The reported treatment data must be interpreted considering existing clinical recommendations. Current clinical guidelines recommend the use of antiplatelet therapies in patients with T2D and prior CV disease, but not in those with low CV risk [11]. However, guidelines are less clear on their recommendations for the use of antiplatelet therapies in patients with T2D and established CV disease without previous ischemic events. Recent clinical trials have addressed whether antiplatelet therapies reduce the incidence of ischemic events in patients with T2D. The ASCEND trial (A Study of Cardiovascular Events iN Diabetes) assessed the absolute benefits of ASA in patients with T2D and no evident CV disease and showed that the prevention of serious vascular events was largely counterbalanced by bleeding risk [32]. On the other hand, dual antiplatelet regimens demonstrated a clear benefit in patients with T2D and a previous history of MI exceeding 1 year.

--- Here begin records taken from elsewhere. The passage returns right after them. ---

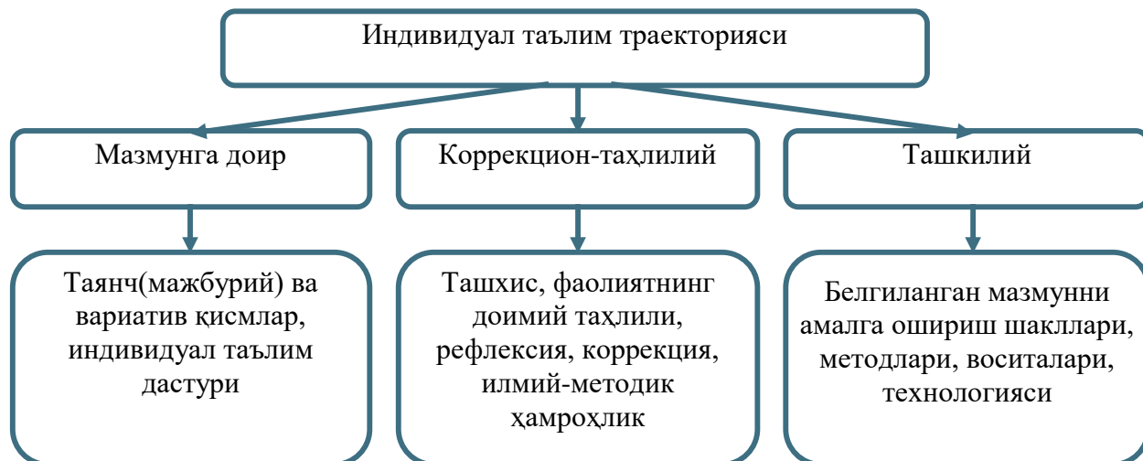
2-расм. Индивидуал таълим траекторияси тузилмаси.

Индивидуал таълим траекториясининг мазмунга доир компоненти малака ошириш таълими мазмунини белгилайди. Таянч қисми Давлат талабларида белгиланган ва таълим-тарбия сифати ҳамда ўқитувчи компетенлигини кўтаришга қаратилган модулларни ўзлаштиришни, вариатив қисми эса педагогнинг касбий эҳтиёжлари ташхиси натижалари ва шахсий қизиқишларига кўра танлови асосида белгиланадиган модулларни ўзлаштиришни назарда тутди. Бу модуллар педагогнинг индивидуал таълим дастурида ўз ифодасини топади.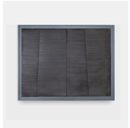
Li Xin, 20230805iv , 2023, encre sur papier Xuan, 28,8 x 20,4 cm.

D'autres artistes choisissent au contraire d'accueillir l'instabilité et la circulation de la matière. Dans les œuvres de Li Xin et les lavis de Claire Chesnier , l'encre, l'eau et l'huile composent des géographies mouvantes où la forme semble émerger autant qu'elle se dissout. Le geste y dialogue avec l'accident, le hasard et le lâcher-prise.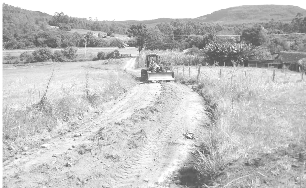
Estrada de acesso a Aldeia Indígena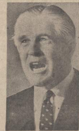
Gub. George Romney laimėjo rinkimus, bet kai paprašė padaryti pakaital valstijos mokesčių įstatyme, tai Michigan įstatymų leidėjai pasipriešino.

Pietų Vietname keturi vietnamiečiai kareiviai ir 30 civilių buvo sužeisti, kai amerikiečių lėktuvas netyčiomis apmėtė bombomis draugišką kaimą. Vadovybė šį incidentą taria.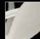
12 Bianco White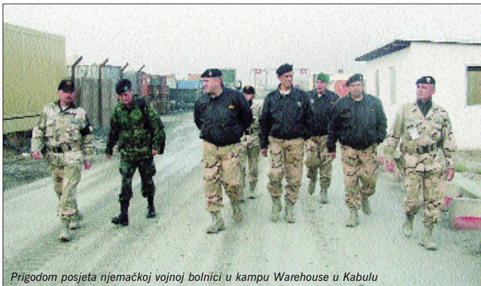
Prigodom posjeta njemačkoj vojnoj bolnici u kampu Warehouse u Kabulu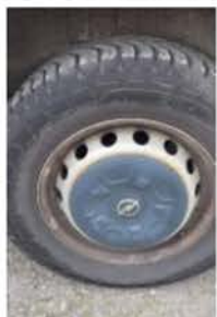
FA 946 CY (2)

In the PEGASUS-TIMI 54 trial (Prevention of Cardiovascular Events in Patients With Prior Heart Attack Using Ticagrelor Compared to Placebo on a Background of Aspirin-Thrombolysis In Myocardial Infarction 54), patients with T2D had a greater absolute reduction in the risk of major cardiovascular events (cardiovascular death, MI or stroke) than patients without T2D when treated with a combination of ticagrelor and ASA [33]. Finally, the THEMIS trial, was designed to evaluate the efficacy and safety of ticagrelor 60mg bid added to ASA therapy for the prevention of major CV events in patients with T2D and established CAD and without a history of previous MI or stroke [34]. This study showed that the incidence of ischemic events was lower in patients receiving ASA and ticagrelor than in those receiving ASA and placebo. However, the incidence of major bleeding events was significantly higher in the ticagrelor group than in the placebo group [34]; in spite of these results, a significantly net clinical benefit was demonstrated in the pre-specified subgroup analysis of patients who underwent PCI (THEMIS-PCI) [13]. Thus, the long-term dual antiplatelet therapy could be beneficial in T2D patients with stable CAD and previous PCI, with low bleeding risk and high ischemic risk.

Available evidence indicates that T2D leads to impaired microvascular function [35] and increased risk for MACE in patients with stable manifestations of atherothrombosis. In addition, although adjunctive procedures such as thrombus aspiration prior to PCI intervention may improve ST-elevation MI (STEMI) outcomes in hyperglycemic patients [36], revascularized patients with T2D and stable CAD are still at high risk of ischemic events. Indeed, hyperglycemic-STEMI patients can experience adverse cardiovascular events such as restenosis and no-reflow despite PCI intervention [37, 38]. Notably, a recent study pointed to the involvement of the miR33/SIRT1 protein pathway in the inflammatory and coagulative processes of hyperglycemic coronary thrombi, which was in turn associated with rehospitalization and mortality in these patients at 1-year follow up [39]. Here, at least one of the MACE considered (MI, ischemic stroke, hospitalization due to unstable angina, and urgent coronary revascularization) was documented in over a third of patients during follow up. The 5-year cumulative incidence of MACE was 35.6% (rate of 225.7 per 1,000 person-year), with an incidence of MI of 17.5% (rate of 63.7 per 1,000 person-year), and ischemic stroke of 5% (rate of 16.9 per 1,000 person-year). In this line, the ATHENA study analyzed two cohorts of patients with T2D, namely patients at high cardiovascular risk (THEMIS-like cohort; n = 56,040) and patients at high cardiovascular risk or taking P2Y12 inhibitors (CAD-T2D cohort; n = 69,790). In ATHENA, the event rates in 100 person-years (THEMIS-like vs. CAD-T2D cohorts) for the composite outcome were 16.34 (95% CI: 16.31–16.37) vs. 17.64 (17.61–17.67), for MI 5.2 (5.19–5.23) vs. 5.5 (5.49–5.52), and for ischemic stroke 5.3 (5.37–5.41) vs 6.1 (6.11–6.15) [31]. Patients in the THEMIS-like cohort and the broader CAD-T2D population had substantial cardiovascular event rates, in turn indicating these patients are at an increased cardiovascular risk [13]. However, the high rates of ischemic events (MI and ischemic stroke) in the REACH and ATHENA studies, as well as in the present study, are likely attributable to the clinical profile of the patients enrolled, with a high proportion of elderly patients with multiple comorbidities. In this regard, it is important to note that the nature of our study methodology did not allow us to provide realistic mortality data since we only had access to in-hospital mortality.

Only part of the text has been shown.